What you need to do: In the material below, find the line that contains "to select the" and the line that contains "Джулиан Бигелоу, Герман", then write out exactly those two lines and everything between them.

Recorded information:
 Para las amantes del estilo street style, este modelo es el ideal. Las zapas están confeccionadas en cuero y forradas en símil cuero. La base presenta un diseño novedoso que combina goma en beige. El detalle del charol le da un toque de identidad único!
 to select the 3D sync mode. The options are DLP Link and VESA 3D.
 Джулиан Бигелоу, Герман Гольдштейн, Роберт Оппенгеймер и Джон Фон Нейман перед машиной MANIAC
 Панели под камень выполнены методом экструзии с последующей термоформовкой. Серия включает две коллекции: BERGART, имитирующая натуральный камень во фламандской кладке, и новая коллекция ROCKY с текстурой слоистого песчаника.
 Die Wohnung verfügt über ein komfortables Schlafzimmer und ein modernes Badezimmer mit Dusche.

--

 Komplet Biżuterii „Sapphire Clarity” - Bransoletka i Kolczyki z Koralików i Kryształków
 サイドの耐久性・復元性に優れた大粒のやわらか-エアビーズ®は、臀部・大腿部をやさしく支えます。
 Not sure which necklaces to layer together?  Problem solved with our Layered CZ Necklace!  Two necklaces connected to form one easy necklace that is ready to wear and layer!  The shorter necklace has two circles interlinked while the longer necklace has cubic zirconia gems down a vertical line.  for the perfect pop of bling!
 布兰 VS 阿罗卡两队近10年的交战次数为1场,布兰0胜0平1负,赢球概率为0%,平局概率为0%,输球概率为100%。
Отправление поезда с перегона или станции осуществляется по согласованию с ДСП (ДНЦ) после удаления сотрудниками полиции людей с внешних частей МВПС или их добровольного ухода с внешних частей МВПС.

---

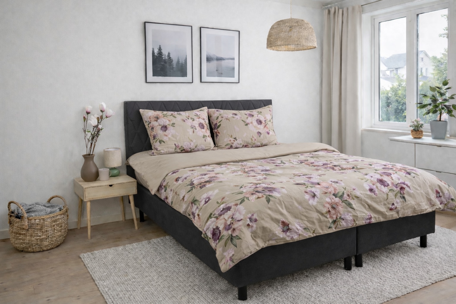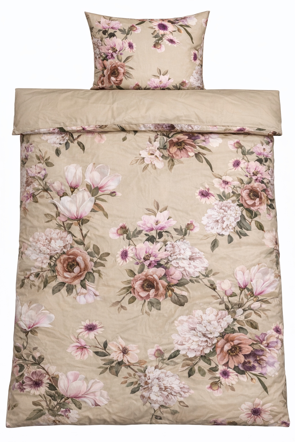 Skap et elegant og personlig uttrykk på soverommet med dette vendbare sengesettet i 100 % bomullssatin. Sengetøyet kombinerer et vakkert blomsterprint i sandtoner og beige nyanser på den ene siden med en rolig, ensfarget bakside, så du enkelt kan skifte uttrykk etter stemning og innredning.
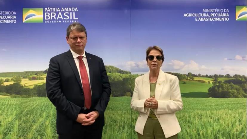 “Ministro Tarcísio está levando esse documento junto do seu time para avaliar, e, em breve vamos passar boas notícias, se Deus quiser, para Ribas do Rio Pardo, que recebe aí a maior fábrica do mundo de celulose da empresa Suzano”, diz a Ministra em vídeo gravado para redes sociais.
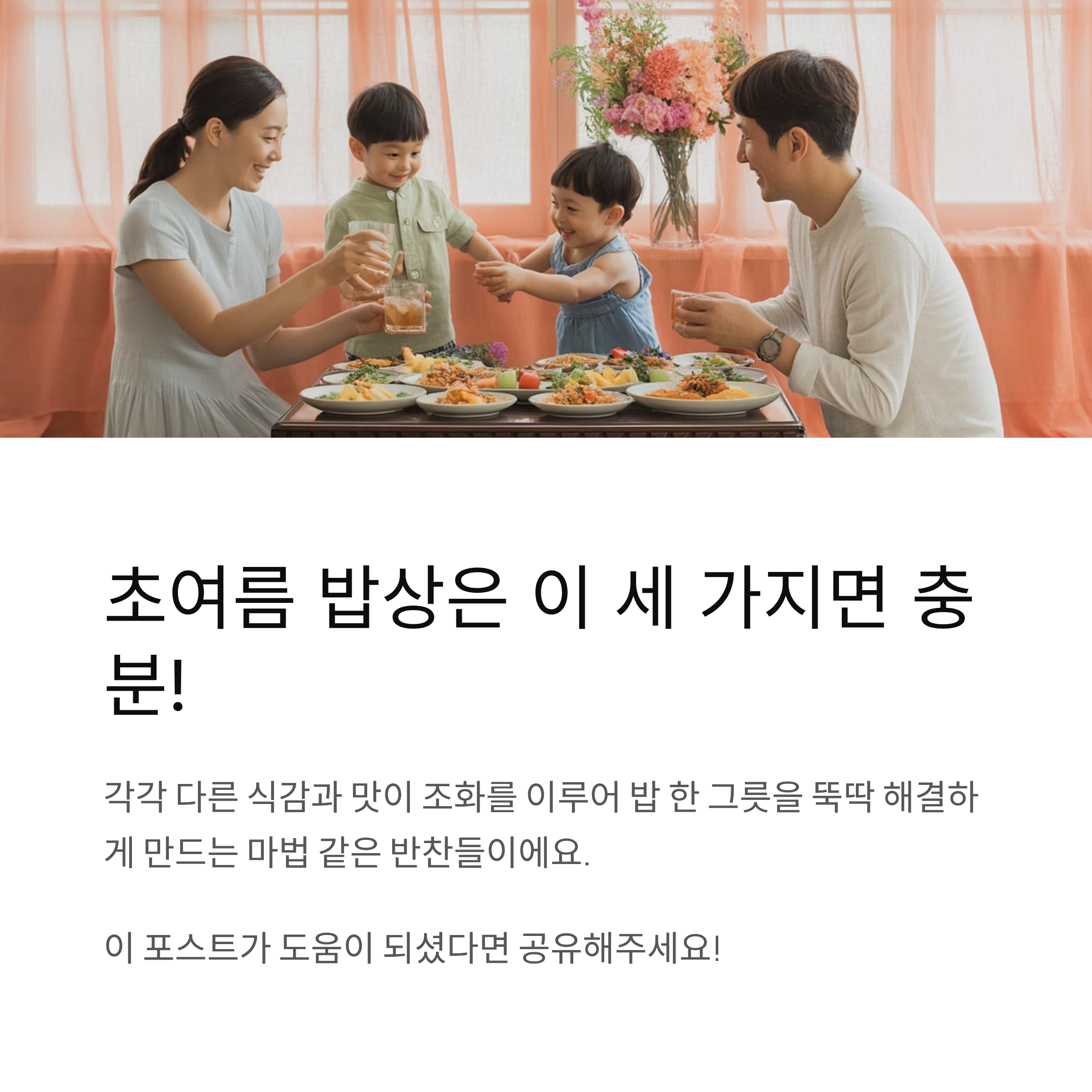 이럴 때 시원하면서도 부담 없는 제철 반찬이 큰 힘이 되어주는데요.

Solution to this exercise:
 to select the 3D sync mode. The options are DLP Link and VESA 3D.
 Джулиан Бигелоу, Герман Гольдштейн, Роберт Оппенгеймер и Джон Фон Нейман перед машиной MANIAC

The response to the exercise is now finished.